WHAT YOU HAVE TO DO
Omit all pictures and transcribe only the lines in the entries below that run from the line with "PABLO PICASSO (1881-1973)MÈRE, DANSEUR" through the line with "本表格用于申请中国大陆签证,申请人需如实填写个人信息、旅行信息及其他相关信息。".

SUPPLIED RECORDS
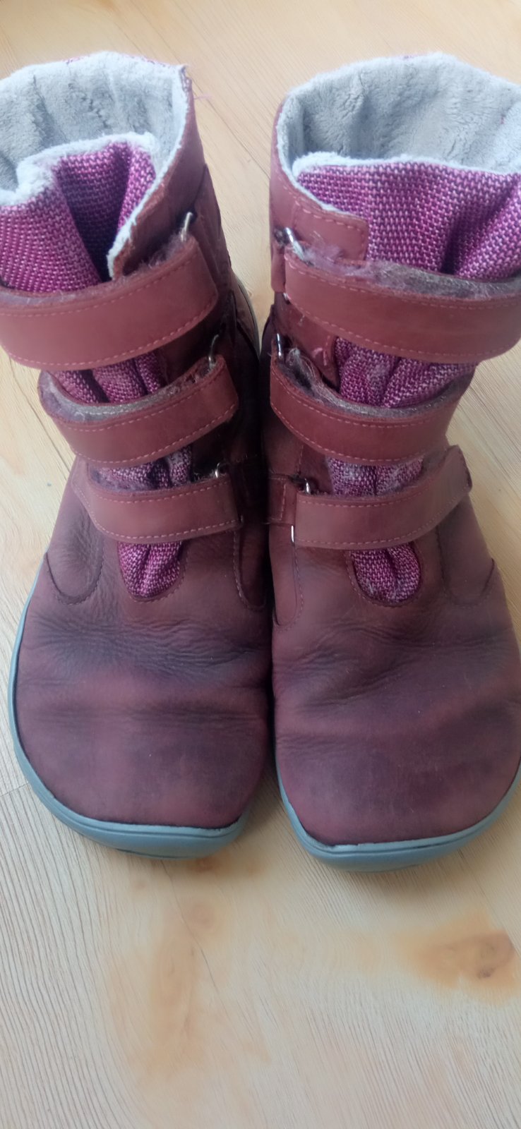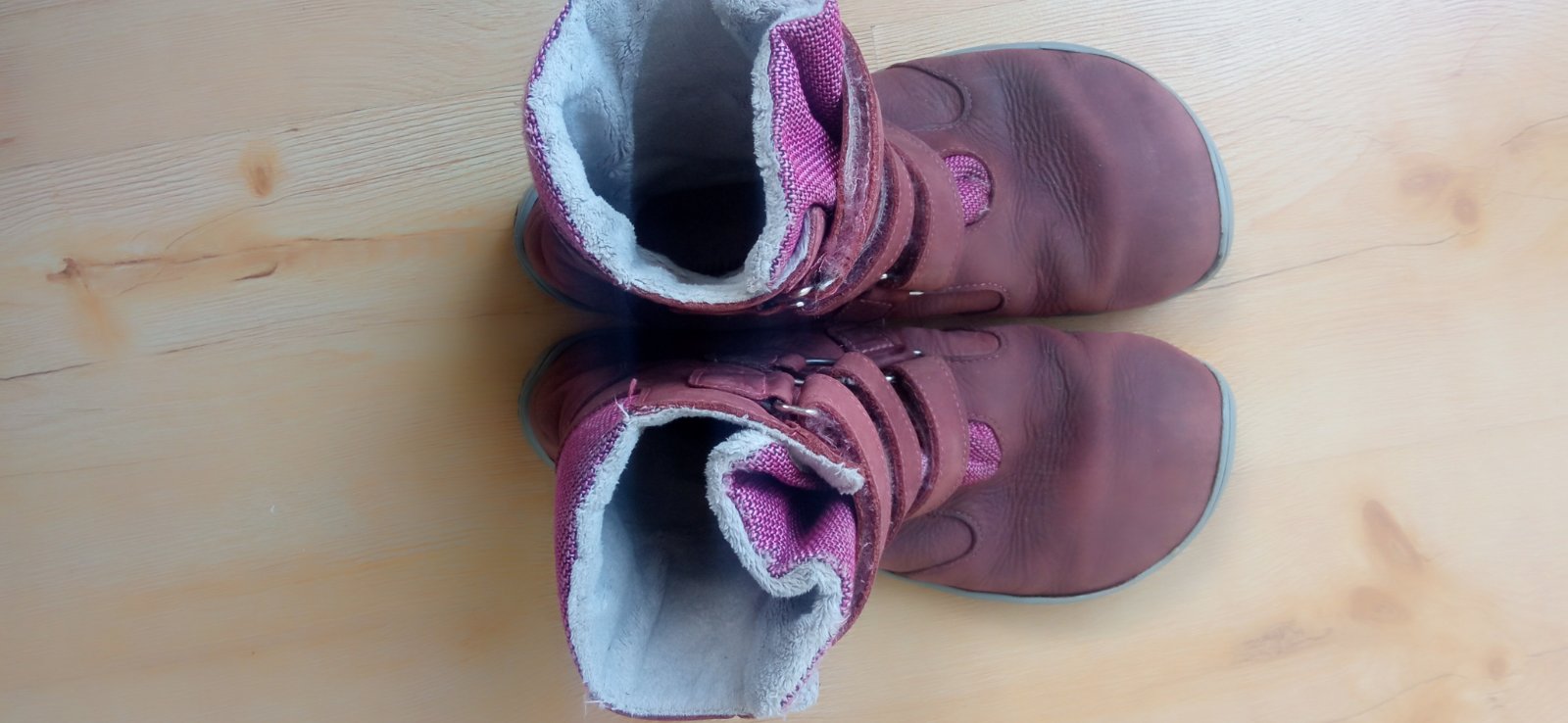 Barefoot zimné topánky na donosenie. Vady odfotené. Suché zipsy držia, topánky nám nepretiekli, vady sú zatiaľ skôr estetické, alebo možný budúci problém. Vnútorná dĺžka cca 24,5cm
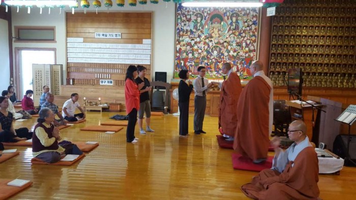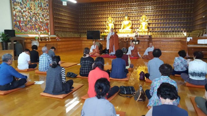 오셔서 신도분들께 인사하고 주지스님께
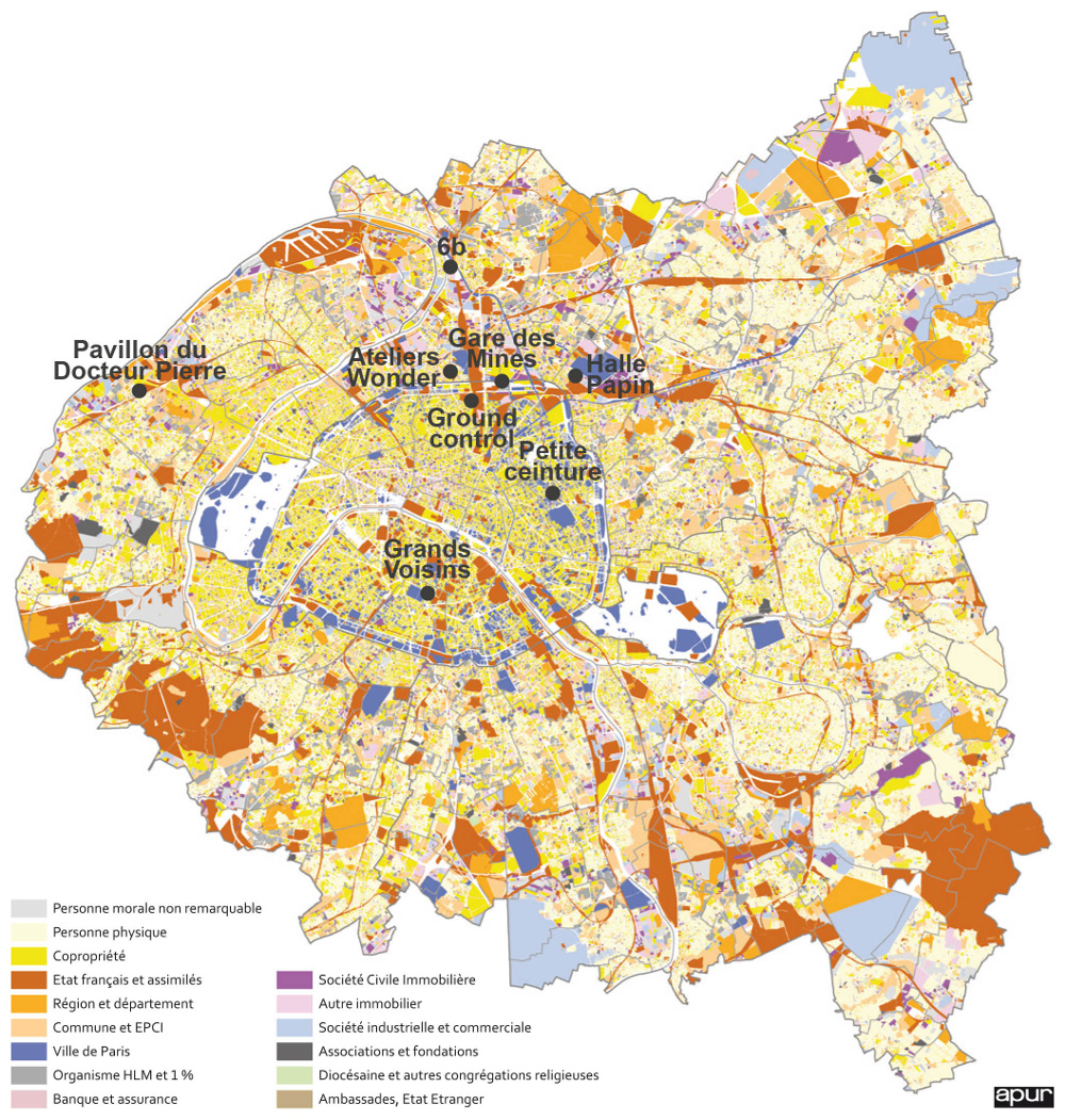 Faisons d’abord le constat que ce type d’occupation prend majoritairement place sur des emprises de grands propriétaires, majoritairement publics. Les administrations et les opérateurs publics sont à la fois les plus grands propriétaires fonciers et immobiliers et d’importantes agences immobilières, puisqu’ils acquièrent et cèdent beaucoup de propriétés. Entre réformes néo-managériales et politiques d’austérité, ces administrations et ces opérateurs réduisent leurs stocks immobiliers. Sans qu’elle soit exclusive dans le gouvernement de leurs propriétés, ils adoptent une gestion dite « active », c’est-à-dire suivant des critères financiers et des logiques budgétaires (Adisson 2015 ; Artioli 2016). Ainsi, le patrimoine immobilier et foncier n’est plus seulement perçu d’un point de vue fonctionnel, comme le support de leurs activités. Il est également envisagé comme une source de coûts (il est dispendieux d’entretenir des bureaux et de gardienner des terrains) et, potentiellement, de revenus (s’ils sont loués ou vendus, les biens immobiliers et fonciers peuvent apporter des recettes [4]).
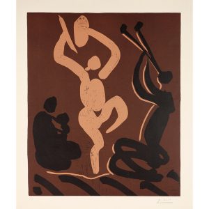 PABLO PICASSO (1881-1973)MÈRE, DANSEUR ET MUSICIEN, 1959Gravure sur linoléum. Épreuve sur vélin d' Arches numérotée 35/50 et signée.Légères éraflures, infimes enlèvements.Feuillet : 745 x 617 mm ; Sujet : 635 x...
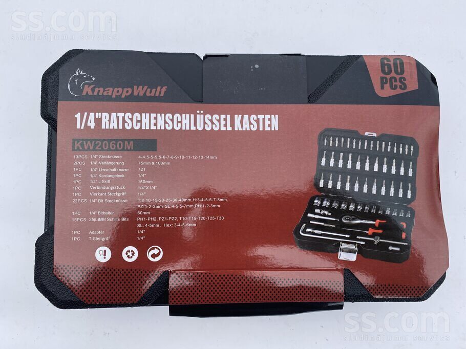 Jauni Knappwulf atslēgu komplekti no Vācijas. Models:kw 2060M Vienības: 60 Piedāvājumā ir arī citi instrumentu komplekti.Iespējama piegāde.
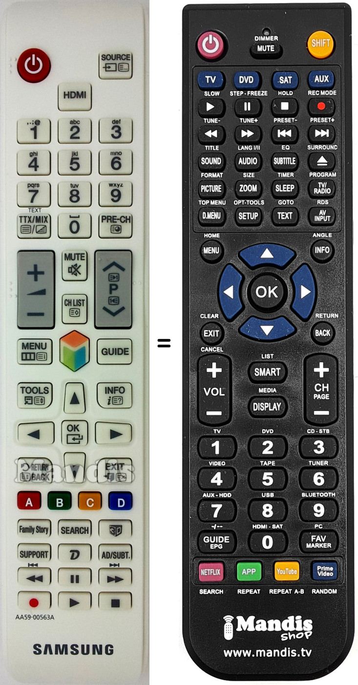 Remote control to replace the original AA59-00563A and all its functions. It is not a universal remote but a substitute for the original. You will receive the remote ready to use: you only need to install the batteries. It is not necessary to program it. We offer you our full guarantee that the remote will fulfil all the functions of the original.
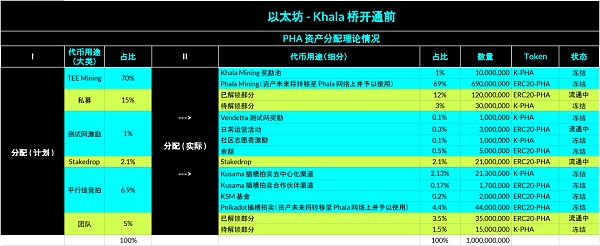 根據初版《Phala經濟白皮書》中的“代幣分配”以及此前在 Khala 卡槽競拍策略中公布的 Khala Network 經濟模型部分內容,不難得出以太坊 - Khala 橋開通前 PHA 資產分配的理論情況如下:
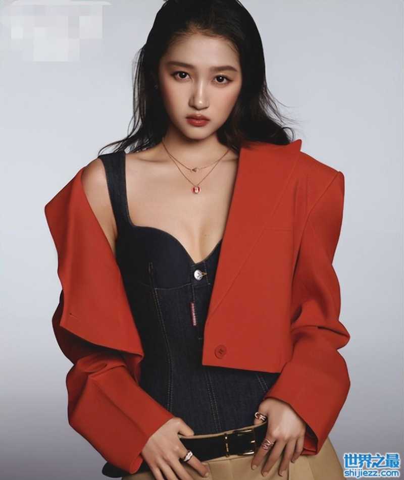 另一株造型更是气场全开,穿着吊带的牛仔上衣,露出傲人的事业线。外面的红色外套露出一半的肩膀,姿势很性感。
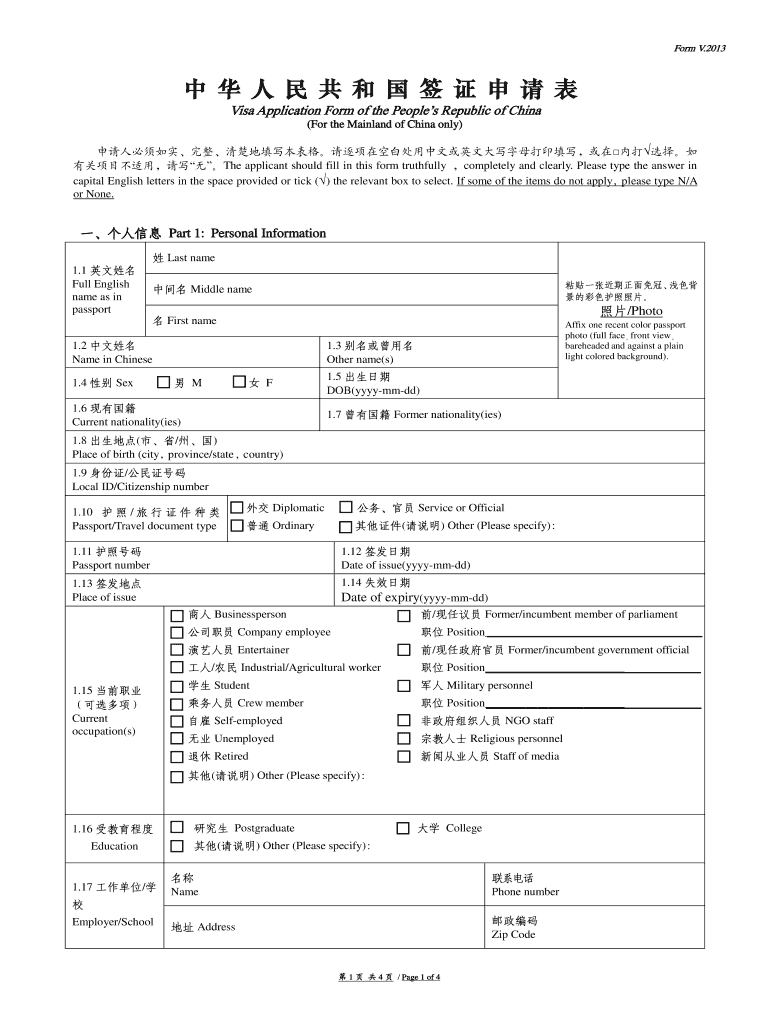 本表格用于申请中国大陆签证,申请人需如实填写个人信息、旅行信息及其他相关信息。
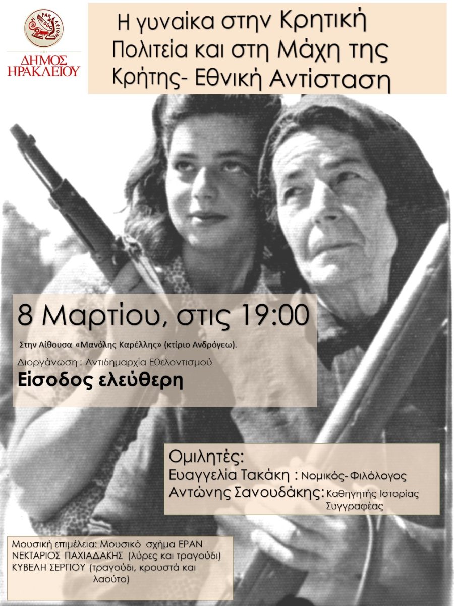 Μια ιδιαίτερη εκδήλωση για τη γυναίκα στα χρόνια της Κρητικής Πολιτείας, της Μάχης της Κρήτης και της Εθνικής Αντίστασης διοργανώνει, με αφορμή την Παγκόσμια Ημέρα της Γυναίκας, ο Δήμος Ηρακλείου και η Αντιδημαρχία Εθελοντισμού το Σάββατο 8 Μαρτίου στις 7 το απόγευμα στην αίθουσα «Μανόλης Καρέλλης» στο κτίριο της Ανδρόγεω.
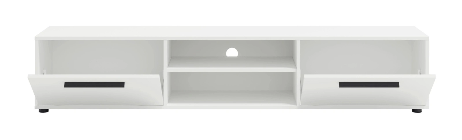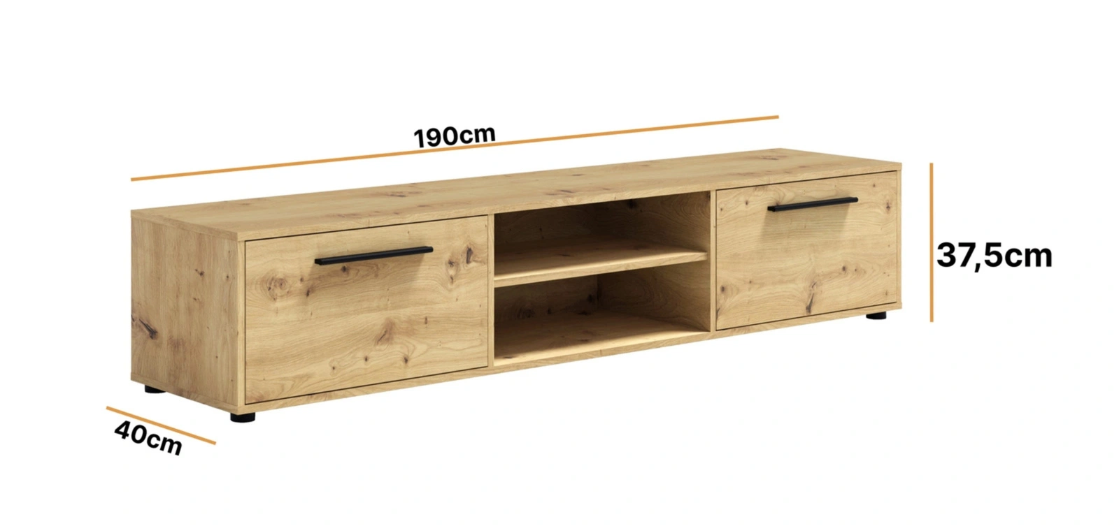 Model wyposażony jest w dwie zamykane szafki boczne oraz otwartą półkę środkową podzieloną na dwa poziomy, co pozwala na wygodne przechowywanie sprzętu RTV, konsol, dekoderów oraz innych akcesoriów. Blat o długości 190 cm bez problemu pomieści telewizor oraz dekoracje, dzięki czemu zyskasz estetyczną i praktyczną przestrzeń w swoim salonie.
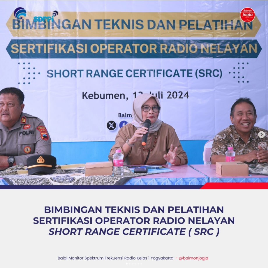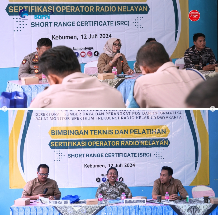 Kebumen (13/7) – Balai Monitor Spektrum Frekuensi Radio Kelas I Yogyakarta dalam upaya mengingkatkan kualitas pelayanan publik di bidang Spektrum Frekuensi Radio (SFR) dan Sertifikasi Operator Radio (SOR) telah melaksanakan Bimtek Sertifikasi Operator Radio Short Range Certificate ( SRC ) bagi nelayan di Kabupaten Kebumen.
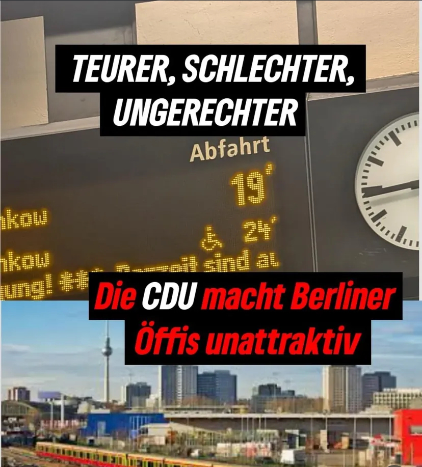 Das ist ungerecht und eine Politik gegen die Schwächsten. Zudem wird das Angebot bei stetig steigenden Kosten immer schlechter – Zugausfälle, massive Verspätungen, Überfüllung und Verwahrlosung rechtfertigen in keiner Weise die steigenden Preise. Im Gegenteil: Solange BVG und S-Bahn in der Krise stecken, sollten die Ticketpreise nicht erhöht werden.“
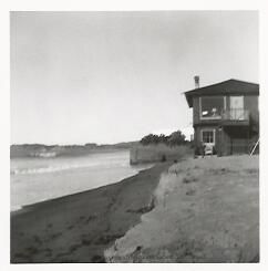 This is a black and white photograph of a two storey house. There is a small window on the ground floor and a larger picture window on the upper floor and a door with a small landing. The house is on the right side of the photo with the sea on the left. The sea is almost up to the house and the retaining wall of the house behind (left of the Deissler House in the photo)is jutting out into the water. .Collection

ANSWER FOR THE TASK
 PABLO PICASSO (1881-1973)MÈRE, DANSEUR ET MUSICIEN, 1959Gravure sur linoléum. Épreuve sur vélin d' Arches numérotée 35/50 et signée.Légères éraflures, infimes enlèvements.Feuillet : 745 x 617 mm ; Sujet : 635 x...
 Jauni Knappwulf atslēgu komplekti no Vācijas. Models:kw 2060M Vienības: 60 Piedāvājumā ir arī citi instrumentu komplekti.Iespējama piegāde.
 Remote control to replace the original AA59-00563A and all its functions. It is not a universal remote but a substitute for the original. You will receive the remote ready to use: you only need to install the batteries. It is not necessary to program it. We offer you our full guarantee that the remote will fulfil all the functions of the original.
 根據初版《Phala經濟白皮書》中的“代幣分配”以及此前在 Khala 卡槽競拍策略中公布的 Khala Network 經濟模型部分內容,不難得出以太坊 - Khala 橋開通前 PHA 資產分配的理論情況如下:
 另一株造型更是气场全开,穿着吊带的牛仔上衣,露出傲人的事业线。外面的红色外套露出一半的肩膀,姿势很性感。
 本表格用于申请中国大陆签证,申请人需如实填写个人信息、旅行信息及其他相关信息。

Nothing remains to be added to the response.